▼

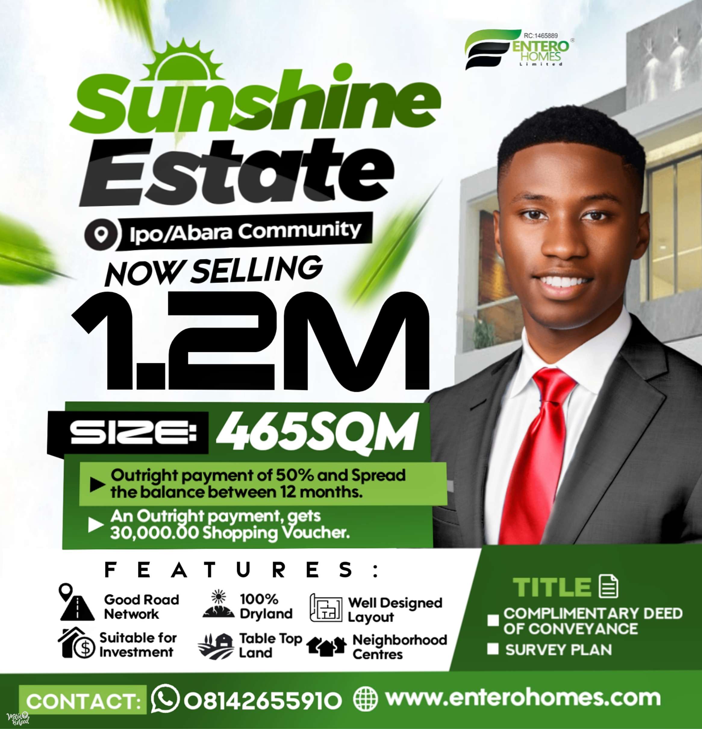 Discover your dream property at SUNSHINE ESTATE! ???? Prime plots in Rivers State's vibrant IPO-ABARA community, starting at ?1.2m. With great road access, dry land, and proximity to key landmarks, it's perfect for investment or building your dream home. Plus, get a ?30k shopping voucher on outright payment! Contact 08142655910 for details via call or WhatsApp. ????
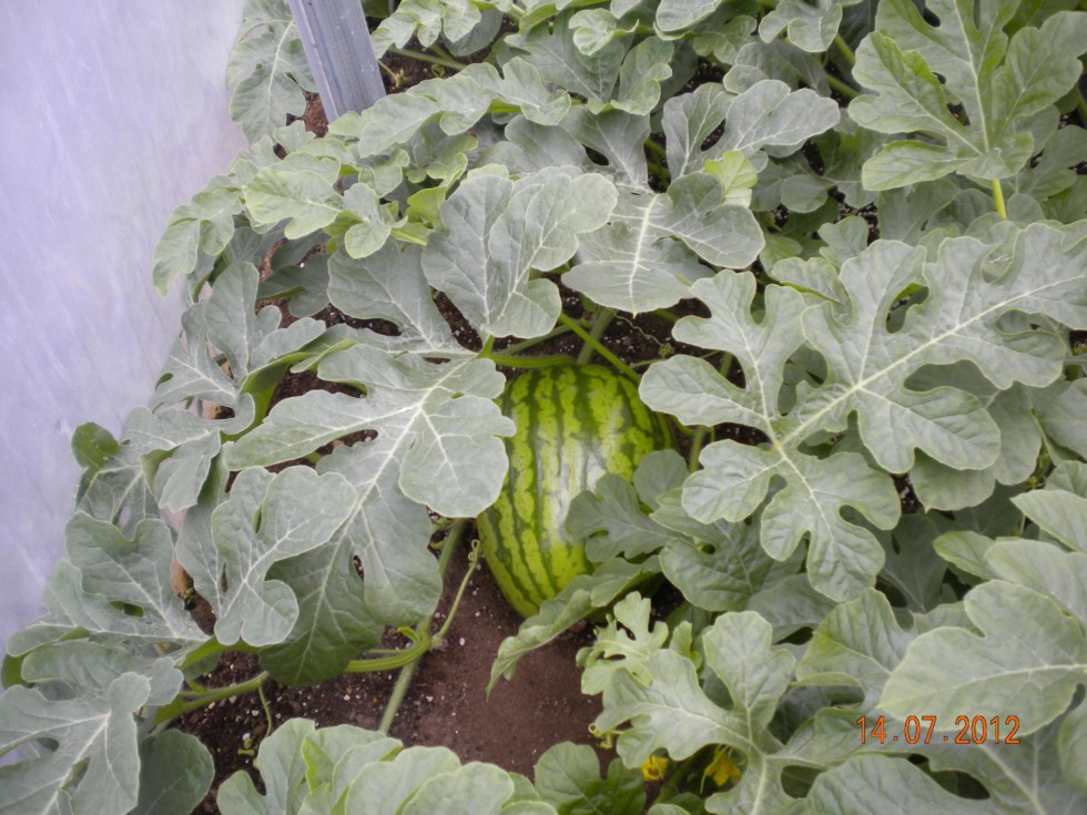 Suprised to find a Water Melon has set in my tunnel as I had not seen the female flower. All plants look healthy but temps day and night are too cold for them. Keeping the area shut up as far as possible.
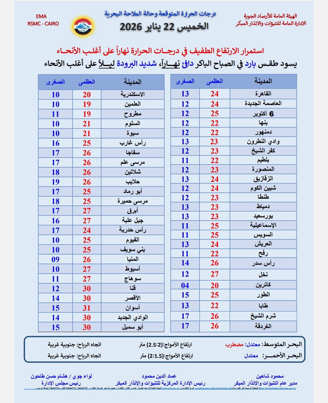 درجات الحرارة اليوم الخميس 22 يناير 2026
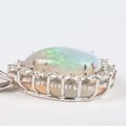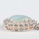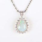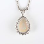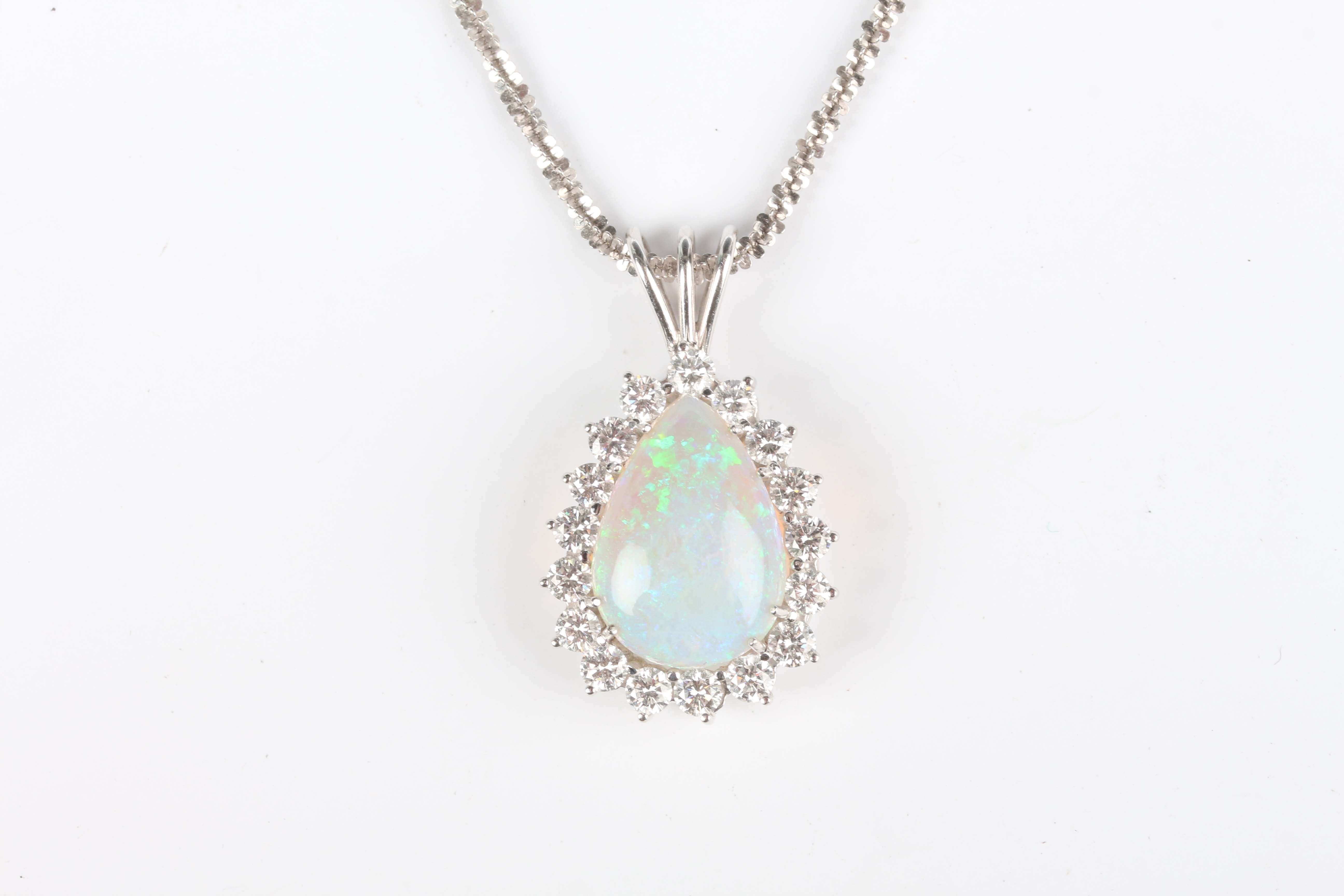 A white gold, opal and diamond pendant, mounted with a pear shaped opal within a surround of circular cut diamonds, length 3.3cm, with a white gold neckchain, detailed ‘750’, on a sprung hook shaped clasp, length 45.5cm, total weight 11.4g.
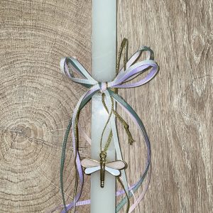 Λευκή τετράγωνη λαμπάδα με κρεμαστή λιβελούλα για τον λαιμό
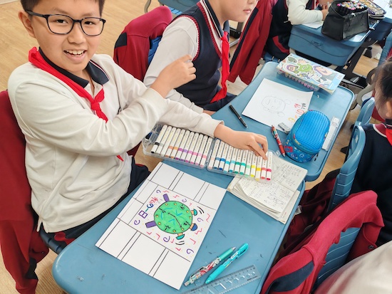 在完成“时间表达”和“一日活动”相关语言知识的学习后,孩子们在老师的指导下展开了一场别开生面的创作实践。他们以手绘时钟为创意核心,巧妙地将自己一天的学习、生活、娱乐等活动用德语、西班牙语、法语、日语四种语言标注出来,并配以生动活泼的插图。有的同学用彩虹色勾勒出24小时时间轴,有的用立体折纸制作可转动的时钟指针,还有的将每日作息与四季变换相结合,创意十足。
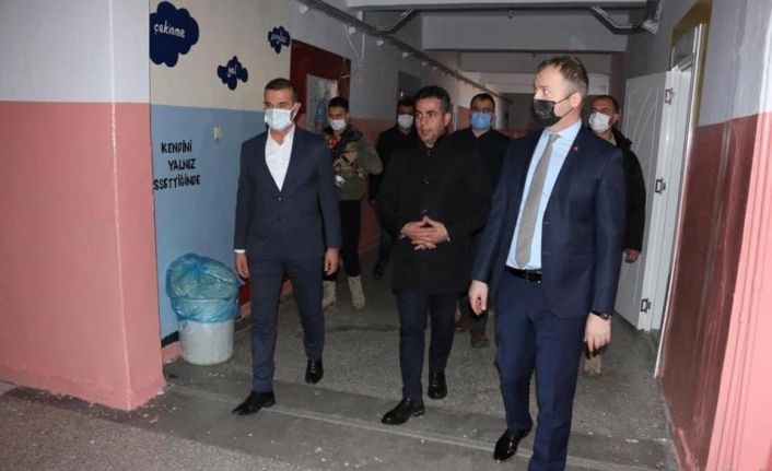İlçe Milli Eğitim Müdürü Cemalettin Güngör ile birlikte gerçekleştirdiği okul ziyaretinde idarecilerle bir araya gelen Kaymakam Muhammed İkbal Yelek, okulun eğitim öğretim çalışmaları hakkında Müdür Mehmet Cemil Tarhan’dan bilgi aldı. Okulun fiziki şartları ve yatılı kalan öğrencilerin kullandıkları alanlarda incelemelerde bulunan Kaymakam Yelek, “Çocuklarımız bizlerin geleceği, onların en iyi şekilde ve en güzel ortamda eğitim almaları için çalışmalıyız. Pandeminin kısa sürede bitmesini ve geleceğin umutları olan çocuklarımızı tekrar okul sıralarında görmeyi diliyoruz” dedi.Kaymakam Yelek’ten okul ziyareti
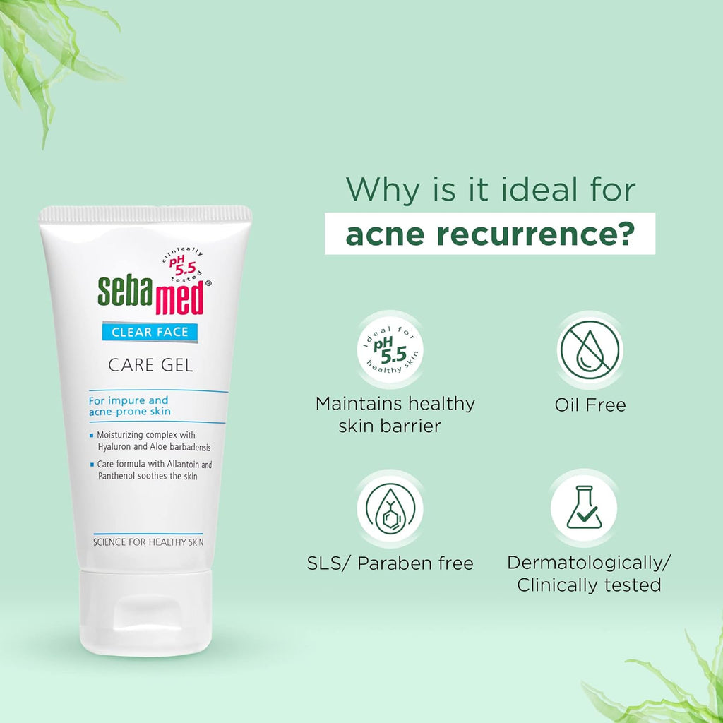 Sebamed Clear Face Care Gel (50 ml) is an oil-free, lightweight gel specially designed for acne-prone, sensitive, and combination skin. Formulated with a skin-friendly pH 5.5, it helps stabilize the natural protective barrier while providing gentle hydration without clogging pores.
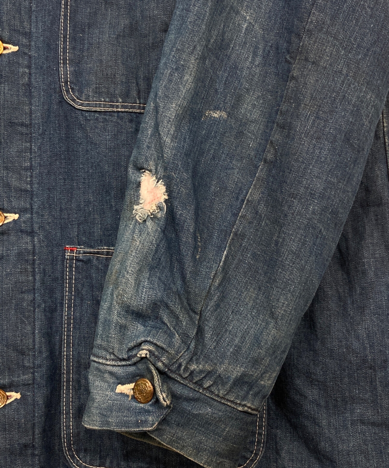 | 状態 | 各所にヨゴレがございます。 また、袖にリペア跡がございます。裏地の色褪せがございます。 こちらの商品は中古品の為、使用に伴いますキズ、汚れが各所に見受けられます。店頭にて展示販売を行っている為、記載に無い細かなキズ、汚れが見受けられる場合がございます。 |
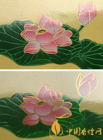 真品卷煙商標(biāo)紙上的荷花花瓣采用漸變技術(shù),顏色由粉紅色向白色過渡,花蕊處金色線條清晰,圖案印刷自然協(xié)調(diào),立體感強;假煙采用普通仿制技術(shù),顏色搭配較為死板,花蕊處金色線條模糊、擠成一團,圖案印刷粗糙、立體感差。
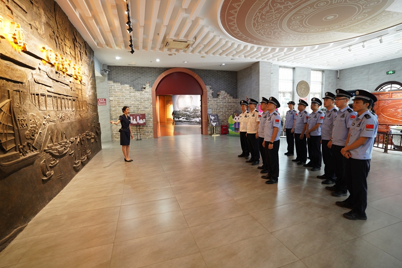 随后,民警代表走进梧州市博物馆,从馆外历史遗留的大炮、到记载梧州革命斗争史的老照片,每一件文物都成为串联历史的 “钥匙”。民警们聆听讲解员讲述当地群众与爱国志士携手保家卫国的故事,深刻感受到中华民族在危难关头凝聚起的磅礴力量。“这些展馆不是冰冷的陈列,而是鲜活的‘精神课堂’” 柳州站陈婷表示“从大同酒店的 ‘建党初心’ 到博物馆的 ‘民族抗争’,不仅触摸到了历史的温度,更读懂了 ‘不屈不挠、奋勇前行’的民族精神内核,这将成为今后我们坚守国门的精神动力。”民警在历史与现实的交汇中,进一步凝聚起共建协作、共担使命的共识。
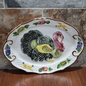 Vintage California Pottery Turkey Thanksgiving Serving Platter Oval Hand Painted Embossed Turkey Fruits Vegetables Around Rim
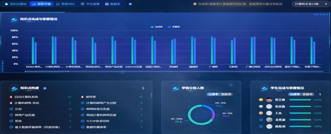 打破“理论抽象难理解、实验操作受局限、学情诊断不精准”的传统困境,QY千亿国际王军教授带领《计算机网络》国家级一流课程团队进行智慧课程建设,构建起“AI 深度赋能 -仿真平台支撑 -数据精准驱动”的三维智能教学体系。将人工智能技术全面融入教学全过程,推动课程从“知识传授”向“能力培育”的系统性跃迁。

▲

**What to work on**
Pictures are to be left out; the rest of the listing should be printed exactly.

**Answer box**
 Discover your dream property at SUNSHINE ESTATE! ???? Prime plots in Rivers State's vibrant IPO-ABARA community, starting at ?1.2m. With great road access, dry land, and proximity to key landmarks, it's perfect for investment or building your dream home. Plus, get a ?30k shopping voucher on outright payment! Contact 08142655910 for details via call or WhatsApp. ????
 Suprised to find a Water Melon has set in my tunnel as I had not seen the female flower. All plants look healthy but temps day and night are too cold for them. Keeping the area shut up as far as possible.
 درجات الحرارة اليوم الخميس 22 يناير 2026
 A white gold, opal and diamond pendant, mounted with a pear shaped opal within a surround of circular cut diamonds, length 3.3cm, with a white gold neckchain, detailed ‘750’, on a sprung hook shaped clasp, length 45.5cm, total weight 11.4g.
 Λευκή τετράγωνη λαμπάδα με κρεμαστή λιβελούλα για τον λαιμό
 在完成“时间表达”和“一日活动”相关语言知识的学习后,孩子们在老师的指导下展开了一场别开生面的创作实践。他们以手绘时钟为创意核心,巧妙地将自己一天的学习、生活、娱乐等活动用德语、西班牙语、法语、日语四种语言标注出来,并配以生动活泼的插图。有的同学用彩虹色勾勒出24小时时间轴,有的用立体折纸制作可转动的时钟指针,还有的将每日作息与四季变换相结合,创意十足。
İlçe Milli Eğitim Müdürü Cemalettin Güngör ile birlikte gerçekleştirdiği okul ziyaretinde idarecilerle bir araya gelen Kaymakam Muhammed İkbal Yelek, okulun eğitim öğretim çalışmaları hakkında Müdür Mehmet Cemil Tarhan’dan bilgi aldı. Okulun fiziki şartları ve yatılı kalan öğrencilerin kullandıkları alanlarda incelemelerde bulunan Kaymakam Yelek, “Çocuklarımız bizlerin geleceği, onların en iyi şekilde ve en güzel ortamda eğitim almaları için çalışmalıyız. Pandeminin kısa sürede bitmesini ve geleceğin umutları olan çocuklarımızı tekrar okul sıralarında görmeyi diliyoruz” dedi.Kaymakam Yelek’ten okul ziyareti
 Sebamed Clear Face Care Gel (50 ml) is an oil-free, lightweight gel specially designed for acne-prone, sensitive, and combination skin. Formulated with a skin-friendly pH 5.5, it helps stabilize the natural protective barrier while providing gentle hydration without clogging pores.
 | 状態 | 各所にヨゴレがございます。 また、袖にリペア跡がございます。裏地の色褪せがございます。 こちらの商品は中古品の為、使用に伴いますキズ、汚れが各所に見受けられます。店頭にて展示販売を行っている為、記載に無い細かなキズ、汚れが見受けられる場合がございます。 |
 真品卷煙商標(biāo)紙上的荷花花瓣采用漸變技術(shù),顏色由粉紅色向白色過渡,花蕊處金色線條清晰,圖案印刷自然協(xié)調(diào),立體感強;假煙采用普通仿制技術(shù),顏色搭配較為死板,花蕊處金色線條模糊、擠成一團,圖案印刷粗糙、立體感差。
 随后,民警代表走进梧州市博物馆,从馆外历史遗留的大炮、到记载梧州革命斗争史的老照片,每一件文物都成为串联历史的 “钥匙”。民警们聆听讲解员讲述当地群众与爱国志士携手保家卫国的故事,深刻感受到中华民族在危难关头凝聚起的磅礴力量。“这些展馆不是冰冷的陈列,而是鲜活的‘精神课堂’” 柳州站陈婷表示“从大同酒店的 ‘建党初心’ 到博物馆的 ‘民族抗争’,不仅触摸到了历史的温度,更读懂了 ‘不屈不挠、奋勇前行’的民族精神内核,这将成为今后我们坚守国门的精神动力。”民警在历史与现实的交汇中,进一步凝聚起共建协作、共担使命的共识。
 Vintage California Pottery Turkey Thanksgiving Serving Platter Oval Hand Painted Embossed Turkey Fruits Vegetables Around Rim
 打破“理论抽象难理解、实验操作受局限、学情诊断不精准”的传统困境,QY千亿国际王军教授带领《计算机网络》国家级一流课程团队进行智慧课程建设,构建起“AI 深度赋能 -仿真平台支撑 -数据精准驱动”的三维智能教学体系。将人工智能技术全面融入教学全过程,推动课程从“知识传授”向“能力培育”的系统性跃迁。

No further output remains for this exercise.